— WHAT YOU ARE ASKED TO DO —
Write every line below out again, exactly as given, but leave out the pictures.

— MATERIAL PROVIDED —

*** Block opens ***

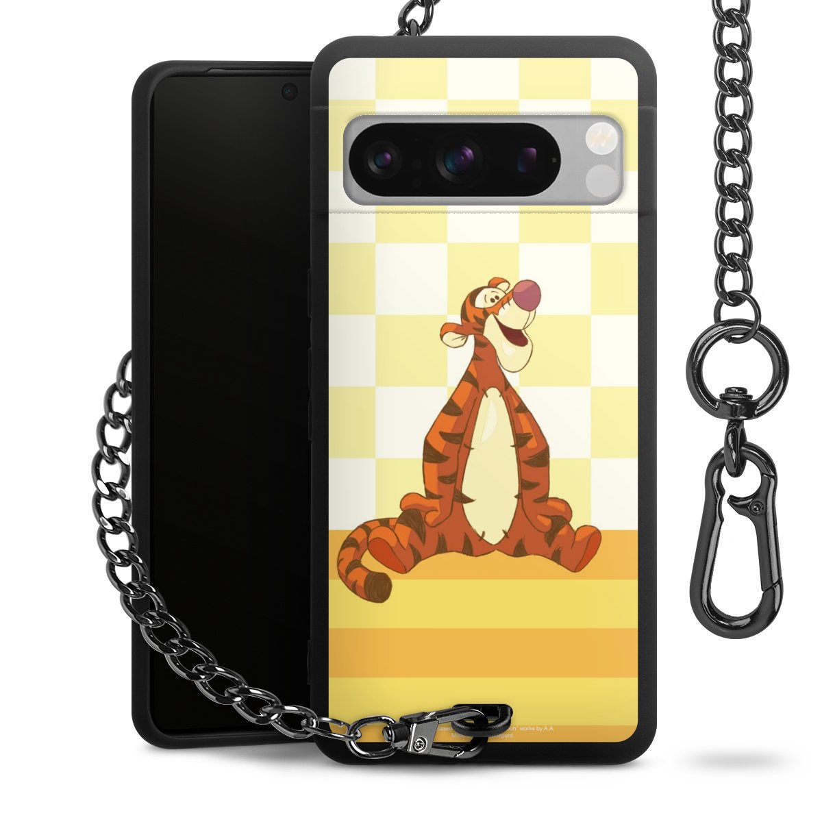 Die mattschwarze Silikon-Handyhülle besteht aus robustem TPU (thermoplastisches Polyurethan). Sie ist flexibel und schützt Dein Smartphone vor Stößen und Kratzern. Die Kette sowie der Karabinerhaken sind aus Metall in Gunmetal-Optik gefertigt. Für dieses Produkt kommen ausschließlich TÜV-geprüfte Materialien zum Einsatz.
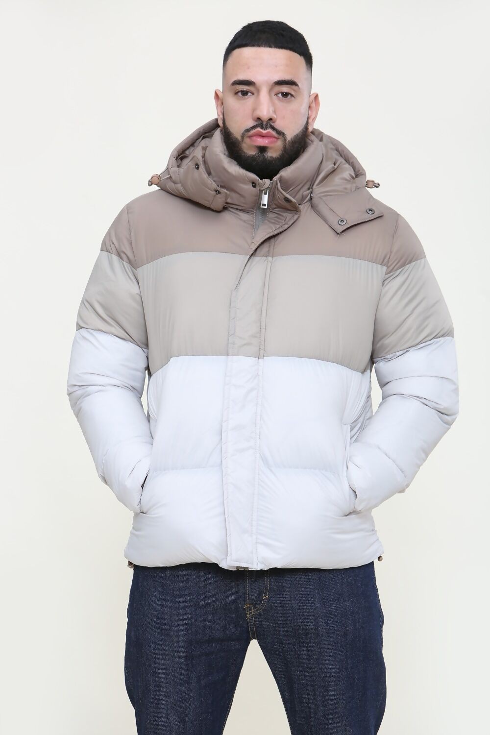 BEIGE HEAVY PUFFER JACKET COAT WITH CONTRAST COLOUR
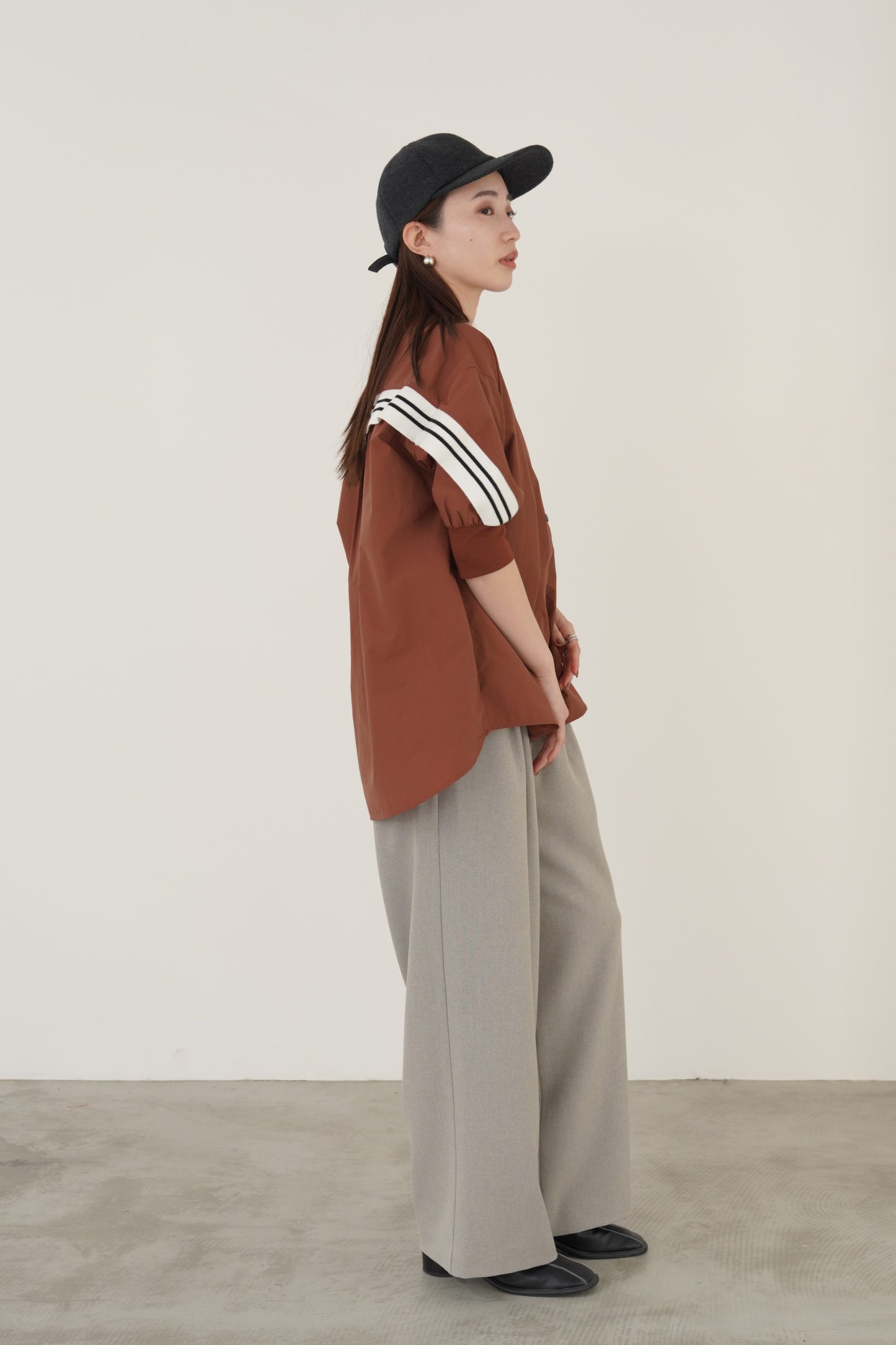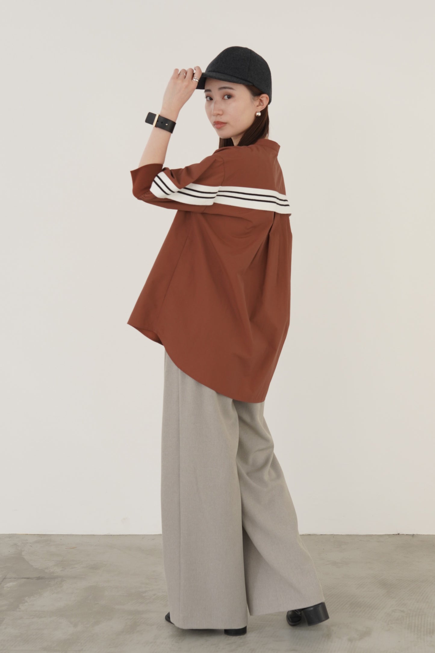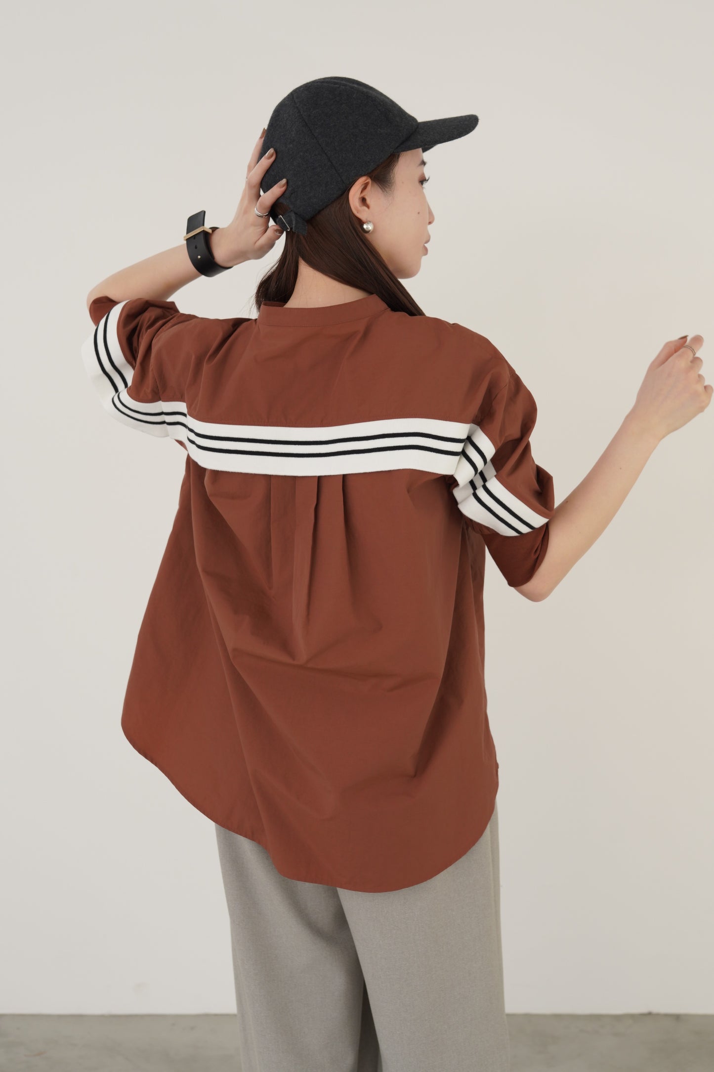 キャッチーなライン入りのニットリブが目を惹く1着。ライトコートの様なハリのあるナイロン/コットンをノーカラーシャツに落とし込みました。袖をたくし上げやすくする為、袖口をジャージ素材で切り替えています。

*** Block closes ***

— ANSWER —
 Die mattschwarze Silikon-Handyhülle besteht aus robustem TPU (thermoplastisches Polyurethan). Sie ist flexibel und schützt Dein Smartphone vor Stößen und Kratzern. Die Kette sowie der Karabinerhaken sind aus Metall in Gunmetal-Optik gefertigt. Für dieses Produkt kommen ausschließlich TÜV-geprüfte Materialien zum Einsatz.
 BEIGE HEAVY PUFFER JACKET COAT WITH CONTRAST COLOUR
 キャッチーなライン入りのニットリブが目を惹く1着。ライトコートの様なハリのあるナイロン/コットンをノーカラーシャツに落とし込みました。袖をたくし上げやすくする為、袖口をジャージ素材で切り替えています。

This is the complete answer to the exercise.